BentSpine Posted August 2, 2008 Posted August 2, 2008 I have to say though I admire a guy who has the confidence to ask and risk the rejection. Don't. Because it's easier to risk rejection when I don't value the woman enough. But if I did truly value her, rejection would hurt. So to minimise that I will spend enough time with her to feel if we connect first.

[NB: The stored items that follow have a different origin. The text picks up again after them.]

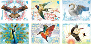 As birds by their very nature are migratory and representative of countries all around the world, six species which can be sighted in Jersey feature on the stamps above, together with the traditional symbolic meaning with which they are associated. The birds and what they represent are, top left to right: The Kestrel (Vision and patience), Swallow (Hope and renewal), Swan (Purity and love). And bottom left to right: Peacock (Glory and dignity), Kingfisher (Peace and calm) andStork (New beginnings and commitment). If the swan and kingfisher stamps are scanned with a mobile phone, using the free CEE-App, you will be able to hear the bird sounds.
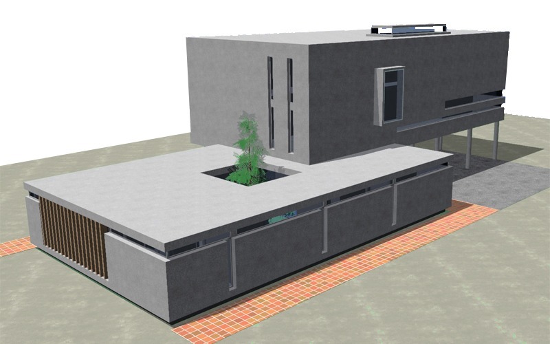El Proyecto debe contener las oficinas de dos entidades distintas, Aumar y la Demarcación de Carreteras de Cádiz. Por ello el edificio se divide en dos; una zona que acoge las oficinas de Aumar, de una sola planta, que se desarrolla alrededor de un patio, de un aspecto cerrado y masivo, protegido por lamas de hormigón y por otro lado las oficinas de la Demarcación de Carreteras ocupan un edificio que se eleva sobre pantallas de hormigón y que se asoma a la Bahía intentando capturar las vistas existentes.
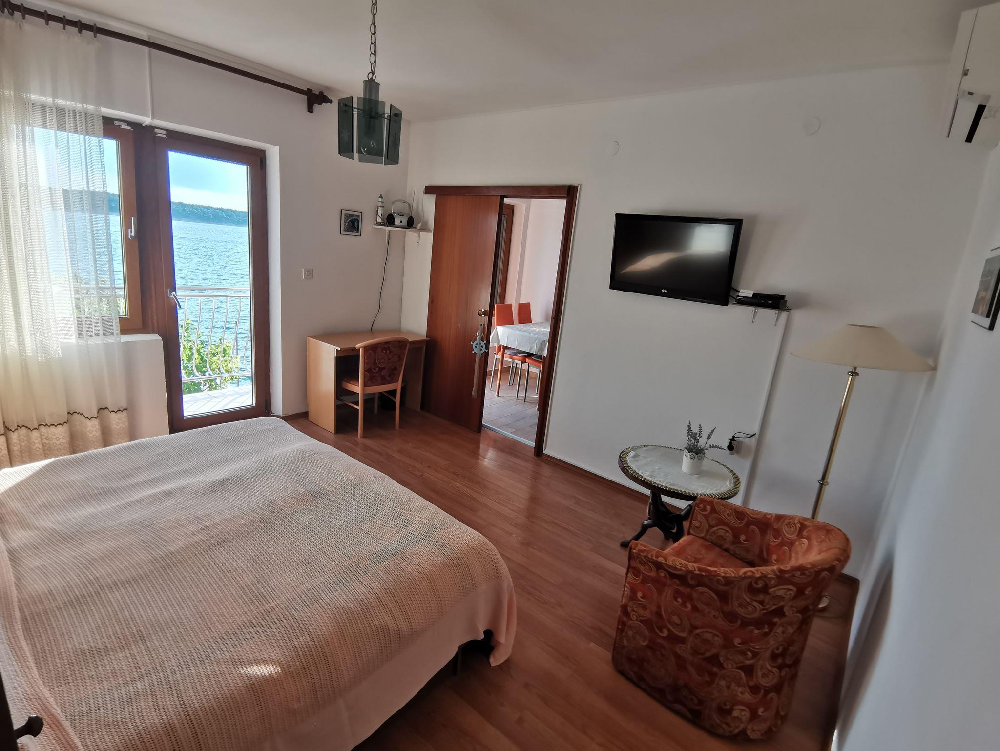 Ferienwohnung bietet Platz für 4 Gäste. Die Betten sind in Schlafzimmern, die es 2 gibt, innerhalb einer Gesamtfläche von 40m2, angeordnet. Die Gäste haben eine eigene Terrasse zur Verfügung, auf der sie in warmen Sommernächten genießen können. Das Apartment bietet Meerblick. Es ist erlaubt, Speisen auf dem Gemeinschafts-Grill vorzubereiten. IM PREIS INBEGRIFFEN: Kurtaxe, Endreinigung, Klimatisierung, Parkplatz, Internet, Kinderbett, Zusatzbett, Föhn, tragbarer Grill, Sonnenschirm, Liegestühle. VERBINDLICHE ZUSÄTZLICHE KOSTEN: Aufzahlung für Kurzaufenthalte (prozentualer Zuschlag pro Nächtigungsanzahl: 30% - 1, 20% - 2, 10% - 3). UNVERBINDLICHE ZUSÄTZLICHE KOSTEN: Bootsanlegeplatz (10,00 € pro Nacht). Die Verfügbarkeit zusätzlicher Dienstleistungen in Ihrem reservierten Termin und die Preise derselben (falls nicht aufgeführt) müssen im Voraus überprüft werden. Zusätzliche Dienstleistungen die in der Zahlungsaufforderung nicht aufgeführt sind werden direkt beim Vermieter bezahlt, angenommen der Gast nutzt auch diese. Ermäßigung auf den Grundpreis: Gratistag 14=13 (bei einem Aufenthalt von 14 Tagen oder mehr erhalten Sie einen Gratistag für den Aufenthalt bis 31.12.26).
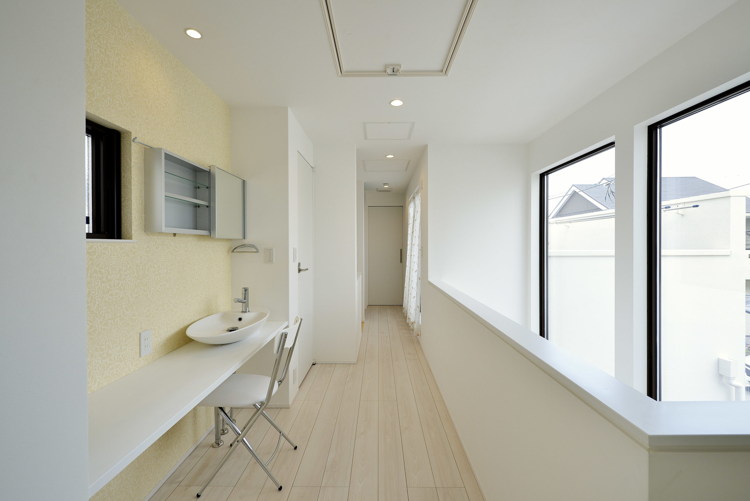 吹き抜けに設けた大きな窓は2階にも開放感と明るさを届けてくれます。

CaliGuy Posted August 2, 2008 Posted August 2, 2008 I'm a hairdresser...I own a salon...and a big percentage of my clients are men. I am usually strictly business at work. I know I have to set an example for my employees.....Anyway... since my whole dilemma, I have been noticing how men interact with me at work. Sometimes I THINK they are flirting with me, but I'm not sure. Most guys are too shy to come right and say anything. Maybe because they are regular customers? Not sure....so reading them is kind of "iffy". So...for the guys...have you ever asked your hairdresser out? Or been interested in them? If so how did you approach them? Just wondering if I am missing the signals..lol. Sometimes I am just in "work mode"...and am really just NOT getting it, silly as that sounds... Thanks!! I've wanted to a few times but I usually don't as it's always an uncomfortable situation to be in. Men think in their mind "she gets hit on all the time, why would *I* be different?!" So they may be flirting to see if you are receptive and if you don't act receptive, they won't move any further.